Insider Trading In The Banana Republic.
One of the key challenges that the progressive left must tackle is the issue of corporate regulation, oversight and standards in the south. Cowboy standards in the south have indebted ordinary workers massively, and created a business environment where half a million people are jobless while insolvency rates for businesses are going through the roof. Carrying the can for all of this is regular Sean citizen.
Just recently we saw a good example of how sloppily we allow our businesses environment to be run – to the detriment of honest businesses and their workers and ultimately to the state.
Back in February 2000 the DCC company, a well established Irish company sold of €108 million in shares of Fyffes, the banana company. This proved to be incredibly lucky for DCC because about a month later the Fyffes shares fell by about 25% when Fyffes updated the market on its trading situation. Somebody in heaven must have been looking out for them.

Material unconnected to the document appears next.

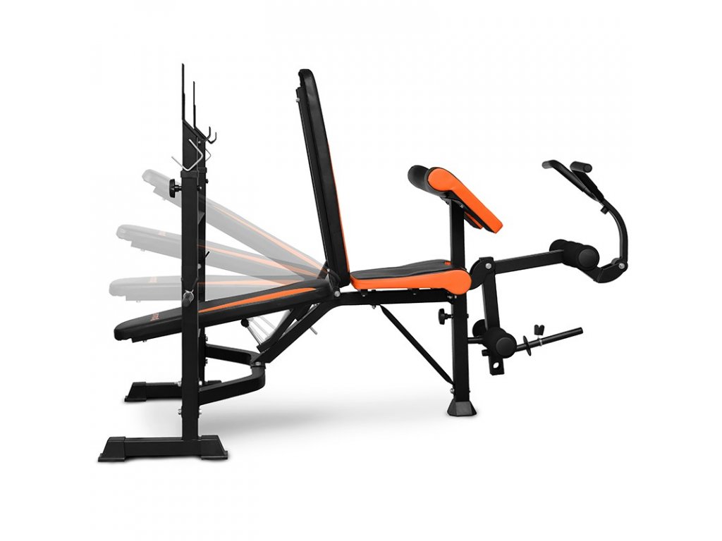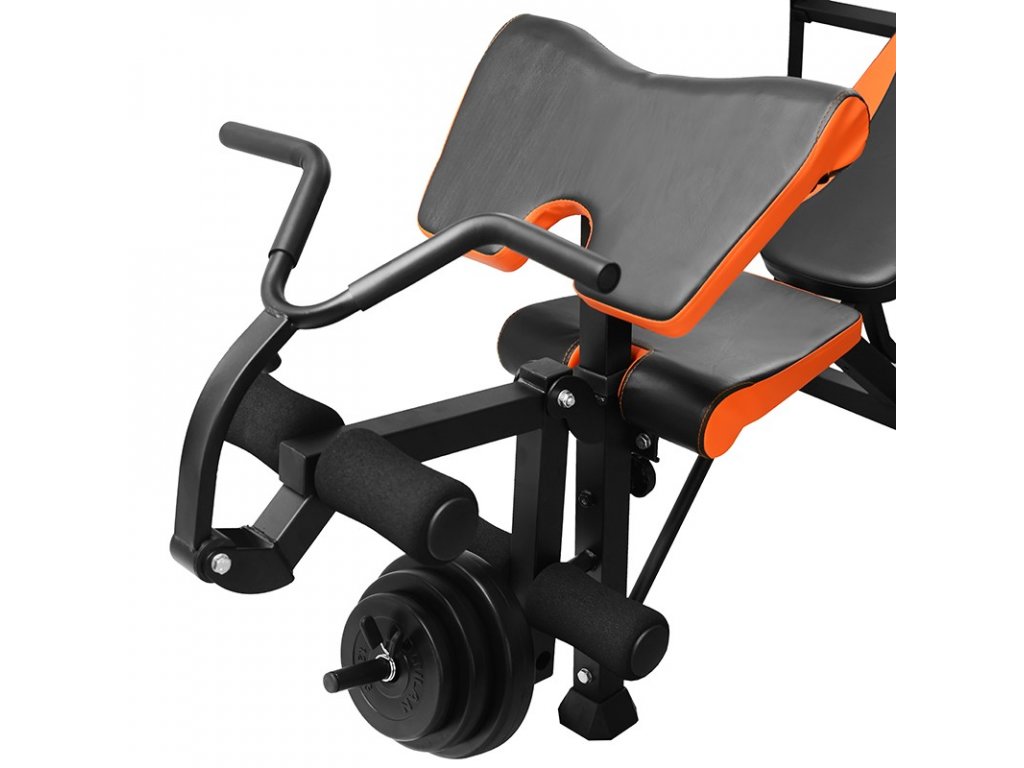 Na tejto lavičke máte možnosť precvičiť predkopávanie, zakopávanie, izolovaný biceps a bench press pod veľkou činkou. Bicepsová opierka je ergonomicky tvarovaná a pri cvičení nebudete potrebovať asistenta. Oceľová konštrukcia má profil s rozmerom až 50 x 50 mm, takže lavička je stabilná a pevná. Pri konštrukcii lavičky sme mysleli aj na Vaše pohodlie, preto sú sedadlo aj chrbtová opierka dostatočne veľké a s kvalitným polstrovaním. Veľmi praktickou súčasťou lavičky sú aj trny na odkladanie závažia..
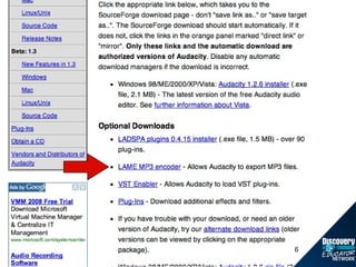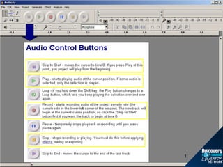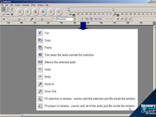 The document provides instructions for creating a podcast using the audio software Audacity. It outlines the basic steps, which include:

Back on this mortal coil though it turns out Jim Flavin, head of DCC, also sat as a non-executive director on the board of Fyffes. (If we had a functioning media that examined who sat on what boards then we would see many interesting things wouldn't we. Just look at the Dublin Docklands Authority and Anglo-Irish).

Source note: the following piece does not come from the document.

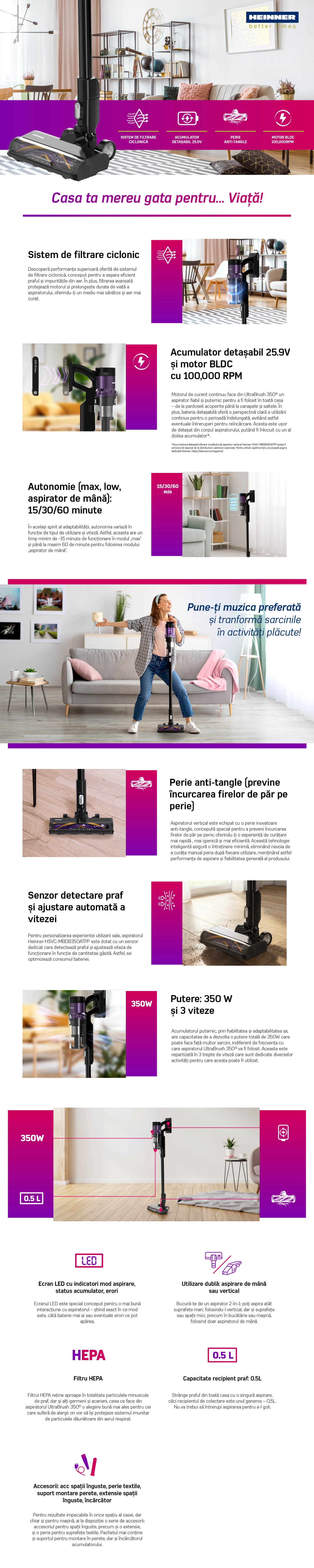 ASPIRATOR VERTICAL HEINNER Ultrabrush 350 HSVC-MBDB350ATPP - pret cu TVA valabil astazi: 742.03 lei
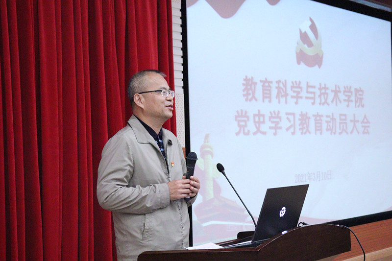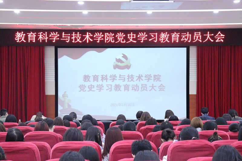 为贯彻学习习近平总书记在党史学习教育动员大会上的重要讲话精神,落实省教育工委和学校党委关于党史学习教育的工作要求,深入推动党史学习教育在学院取得实效,教育科学与技术学院党委于3月10日在白云校区第三教学楼104多功能报告厅召开党史学习教育动员大会。学院领导班子成员出席会议,各学生党支部书记、专职辅导员和全体学生党员、团学干事、各班班委及学生助理参加会议。动员大会由学院党委副书记吴水爱主持。

Anyway as Jim sat on both boards and managed to sell the DCC shares just before things bottomed out there seemed to be questions to answer. The Fyffes shares fell 25% and a fall of 10% is regarded as enough to examine if there was insider training.
Fyffes made a complaint and An Garda, the Stock Exchange and the Director of Public Prosecutions all had a look in. But the wheels of justice move slow and more so when it comes to company wrong doings. The case did not get to the high court until 2007 when the High Court commented "To trade on the use of inside information is recognised for what it is. It is a fraud on the market. The insider who exploits his access to the special knowledge he enjoys for the purposes of the company in his capacity as executive or director of a company commits a crime."
But the High Court found in DCC's favour. On to the Supreme Court then and a different view of things. The Supreme court found that a serious offence had taken place. The law had been broken. DCC paying out €44 million emphasised the fact.
This would appear to be a clear cut case then surely? Well no of course not. In murky waters nothing is clear. A High court inspector was appointed to review things and his report has just been issued.
The Inspector's report confirms the law was broken, but only by accident. The key idea was that DCC had advice to the effect that their actions were within the law. This was good enough for the Inspector. The Irish Times noted that "If – as now appears the case – the paid-for advice of a lawyer replaces the onus on an individual to act in a moral fashion, then corporate law will continue to be broken as long as there is a lawyer prepared to venture an opinion."
Further noting "The Supreme Court has found that a very serious offence has taken place, but the various agencies of the State, ranging from the Garda through the Director of Public Prosecutions, the Financial Regulator and now to the ODCE can't or won't seek any sanction against the company or the individuals involved."
And sure why would they?
But what about this Director of Corporate Enforcement guy - Appleby. Is he a toothless wonder or someone stymied by the rule book from doing good. Who knows? But documents revealed under the Freedom of Information Act to RTÉ in 2007 showed that he had been seeking more resources since 2005 and considered the staffing he had to be "wholly inadequate". He wanted 20 more staff, including more gardaí.
When the matter was raised in the Dáil, the grafter in chief, Bertie Ahern, seemed to become annoyed. "It is not that Mr Appleby's work is not considered important . . . He has 36 , so it seems extraordinary that he could want another 20 . . . One would not receive such an increase in any department . . . He will have to wait his turn." And while he got a few extra positions shortly thereafter did he receive the amount of folks he needed. Considering the free wheeling culture in Corporate Ireland it would appear that no he did not.
How free wheeling this state's corporate world acts is further shown by how DCC sold off the Fyffes shares. The used a foreign based shell company to sell off 31.2 million shares. This little trick allowed them avoid €17 million in taxes on its profits. But the High Court inspector said no Irish laws were broken in the process and Appleby's criticisms were misguided
And what about that Euro 17 million in unclaimed taxes. Is there a job there for revenue?
€17 millions is a significant sum. The average price of school books in the south is €390. 17,000,000 in tax is free books then for 43,589 kids. Roughly the poorest 10% of pupils could have the costs of their books covered for them for a year with that money. Money which poor regulation, weak company law, and ineffectual oversight cost the southern state.
I believe that for progressive parties it is as equally important to focus and innovate policy on Corporate law, Company Law, strengthening regulatory guidelines etc. as it is to focus on issues like council charges etc. They cannot be separated.
As a left Republican party we have to be as well known for promoting responsible financial regulation, effective corporate oversight and a more coherent company law in the south as we are for being a party of community activists defending communities at council level.
In my opinion both Labour and the further left focus too much on one at the expense of the other, albeit from different sides. That's a mistake that means Labour has lost its activist vigour and desire for real change while the further left fatally weakens it ability to create change rather than just provide opposition.
But in order to be effective agents of change a progressive party must excel at both.